All lexer tests pass when running the crate tests on their own.

Guidelines for extending the lexer

  • Prefer adding new tokens only when lexical distinctions are required.
  • When in doubt, keep ambiguous terms as identifiers and resolve in the parser.
  • If you need context to disambiguate, add a boolean/flag in LexerExtras and use a Logos callback to Emit or Skip appropriately.
  • Keep regular expressions simple (no look-around) and rely on token priority and callbacks for precedence and control.

Known compatibility notes

  • Non-conjugate transpose .' is tokenized as Dot then Transpose.

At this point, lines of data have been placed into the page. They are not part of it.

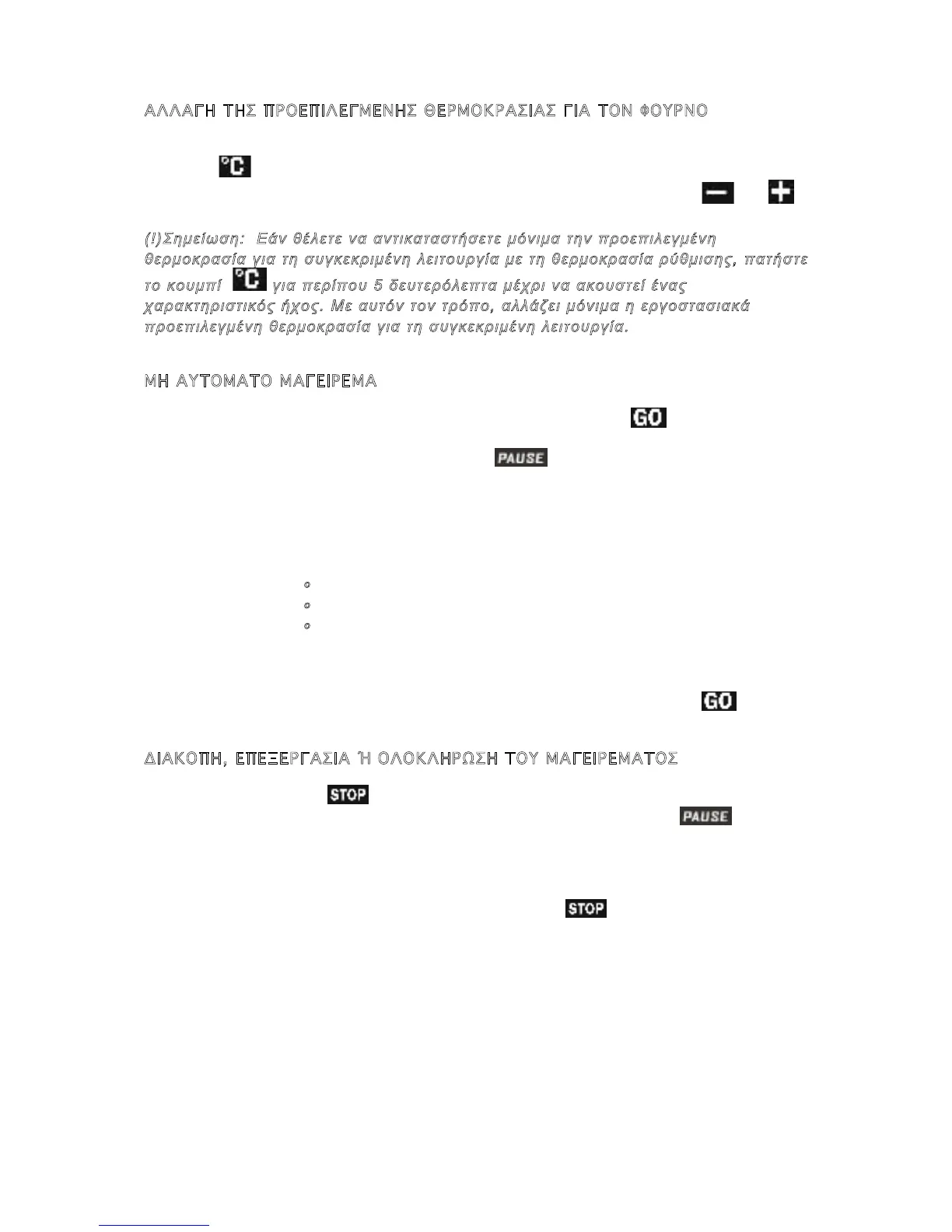 παρέλθει. Το μαγείρεμα συνεχίζεται μέχρι να διακοπεί από τον χρήστη με μη αυτόματο
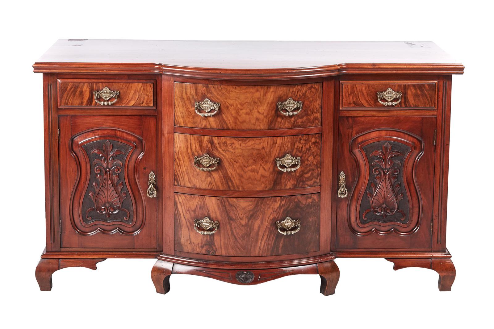 Fantastic quality antique Victorian carved walnut sideboard with a beautiful shaped walnut top, five lovely walnut drawers with original brass handles, two carved solid walnut doors original brass handles opening to reveal a fitted shelf interior. It stands on short shaped solid walnut feet.
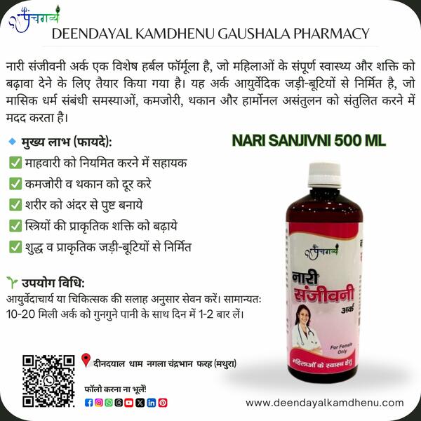 message deendayalkamdhenu about this ad Panchgavya Nari Sanjivni Ark is a special herbal formula prepared to promote the overall health and strength of women. This ark is made from Ayurvedic herbs that help balance menstrual issues, weakness, fatigue, and hormonal imbalance.Shop Now For more info contact |
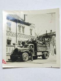 解放初期男女军人在汽车和自行车前留影老照片
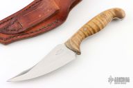 This skinner by Jim Serven features a mirror polished upswept blade with a full tang construction. .126" blade stock and, 1.413" blade depth.  The handle has pinned wood slabs.  Includes a brown leather sheath. Has some light scuffs and scratches, great condition otherwise.
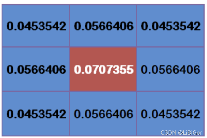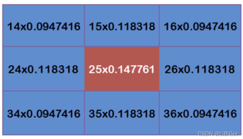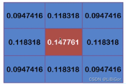 将这9个值加起来,就是中心点的高斯模糊的值。
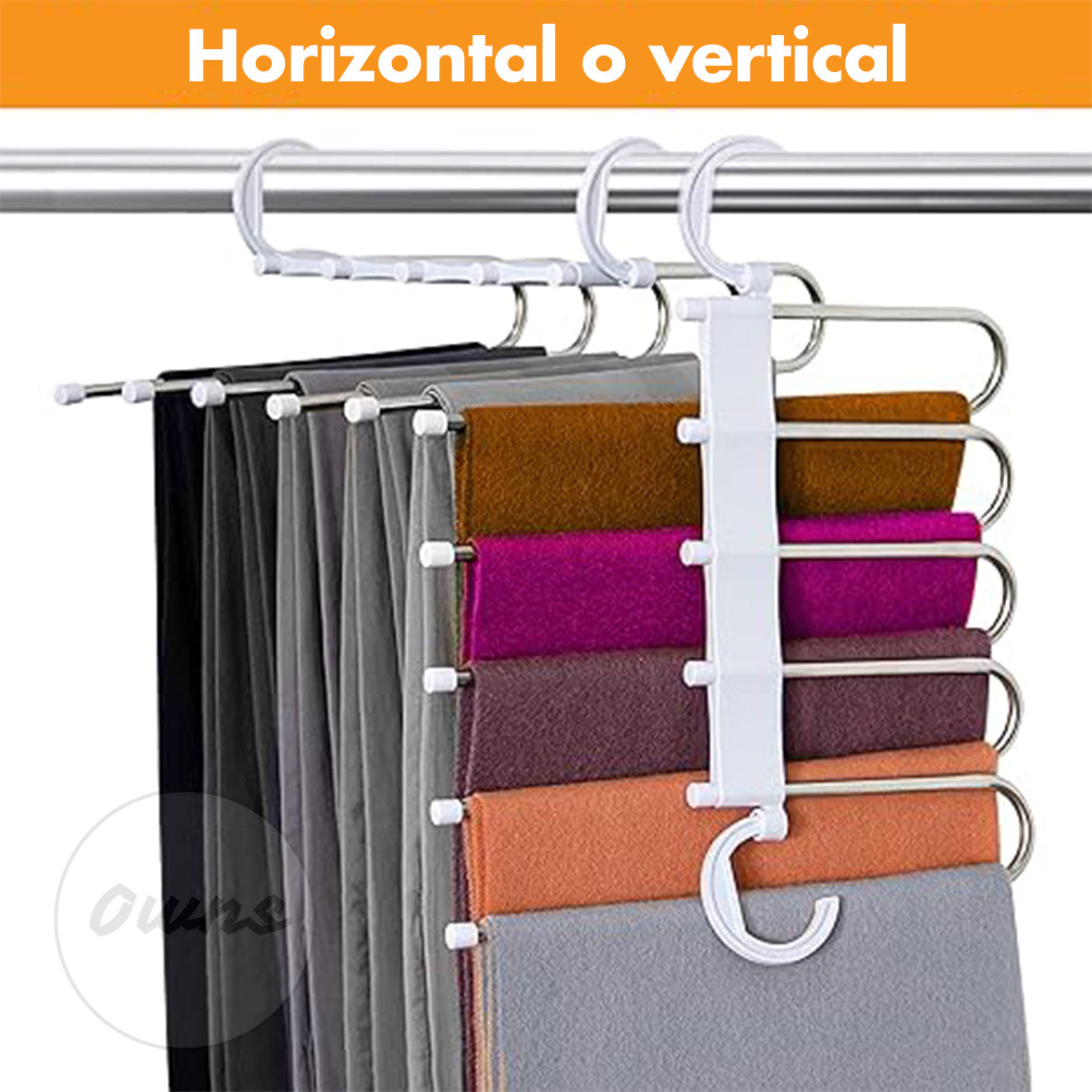 3️⃣ Ajusta la posición: Usa la percha horizontal para ver todas tus prendas o vertical para liberar espacio.

The parser should interpret this pair as the non-conjugating transpose.
  • Block comments %{...%} are treated as non-nesting by design.
  • Error-recovery is implemented to keep producing useful tokens after invalid input; in recovery mode double-quoted strings are recognized as a single Str token, while malformed single-quoted sequences may be split to allow downstream error reporting.

Remaining edges

  • Apostrophe vs string: extreme adjacency cases across ... continuation and % comments are covered by tests; a few rare permutations may still be added as seeds (parser semantics unaffected).
  • Block comments are intentionally non-nesting; any future change would be a parser/runtime decision, not lexing.
  • Command-form is resolved in the parser; lexer's role is complete for milestone.

Crate integration

  • This crate only produces tokens; it does not attempt to validate grammar.
  • Downstream crates (runmat-parser, runmat-hir, runmat-ignition, runmat-turbine) are responsible for structure and semantics.